Moldovan Ambassador to Belgium, the Netherlands, Luxembourg and NATO
- In office 21 July 1997 – 1 July 1998
- President: Petru Lucinschi
- Prime Minister: Ion Ciubuc
- Preceded by: Tudor Botnaru
- Succeeded by: Ion Căpățină

Personal details
- Born: 27 November 1962 (age 63) Văsieni, Moldavian SSR, Soviet Union
- Education: Moldova State University Moscow State University of Economics, Statistics, and Informatics
- Occupation: Economist

= Anatol Arapu =

Moldovan economist and politician

Anatol Arapu (born 27 November 1962) is a Moldovan economist, who served as Minister of Finances of Moldova from 14 August 2013 to January 2016, in three consecutive cabinets: Leancă Cabinet, Gaburici Cabinet, and Streleț Cabinet. He also was Minister of Finances in the 1990s, in Ciubuc-2 Cabinet (22 May 1998 - 17 February 1999) and in Sturza Cabinet (12 March - 12 November 1999).

==Biography==
Anatol Arapu was born on 27 November 1962 in the village of Văsieni, Ialoveni. He graduated from the Faculty of Economics of the State University of Moldova in 1985, the Economic and Statistical Institute of Moscow in 1987 and the Institute of the World Trade Organization in Geneva, Switzerland in 1993. In the period 1988-1992 he was director of the "Moldova - EXIM" trust. During 1994-1997 he worked as an assistant to the World Bank executive direction, and from 1997 to 1998 he was Ambassador of the Republic of Moldova to the European Union, NATO, Belgium, the Netherlands, and Luxembourg.

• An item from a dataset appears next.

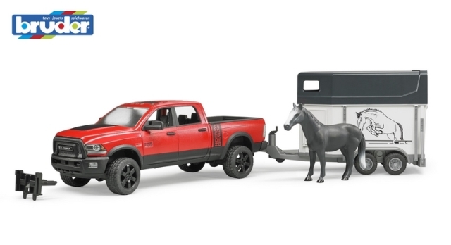 Bruder Terénní auto RAM s přepravníkem na koně Každého milovníka terénních vozů ale i příznivce koní potěší tento kvalitně zpracovaný model. Jako každý model Bruder má i teréňák RAM spoustu funkčních prvků, např. otevírací dveře nebo zadní čelo korby. Každý terénní vůz musí mít dobře odpružené nápravy s kvalitními profilovanými pneumatikami, což nechybí ani tomuto modelu. Přední nápravu auta je možné ovládat také prodlouženým volantem díky otvoru ve střeše. Potřebujete přepravit svého Bruder koně? Koník nastoupí do přepravníku zadními otevíracími dveřmi a řidič či ošetřovatel jej mohou zkontrolovat vstupem na boční straně přepravníku. Balení obsahuje: terénní auto RAM, přepravník na koně a figurku koně Hlavní vlastnosti: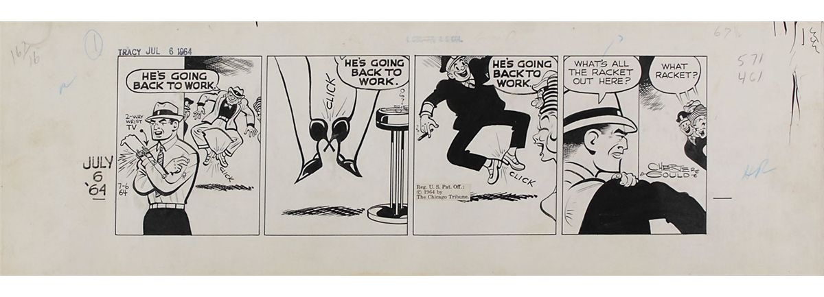 Original hand-inked four-panel Dick Tracy comic strip, dated July 6, 1964, on a 23 x 7 piece of off-white artist’s cardstock. First panel features Tracy using his legendary two-way wrist TV, and is signed in the last panel in black ink by Gould. In very good condition, with a faint central vertical bend, some scattered light toning, and ink and pencil notations to borders.

He subsequently worked for Lukoil România as a financial director for one year, and from 2001 to 2013 he served as Deputy General Manager for Economic and Financial Affairs. On 14 August 2013, Arapu became the Minister of Finance of the Republic of Moldova initially in the Leancă Cabinet, then in the Gaburici Cabinet and the Streleț Cabinet. Although he was not a party member, he become minister as being submitted by the Liberal Democratic Party of Moldova. He served as finance minister until 20 January 2016 when he was succeeded by Octavian Armașu.

He is married and has a child. He speaks Romanian (native), Russian (fluent), English (fluent) and French (medium).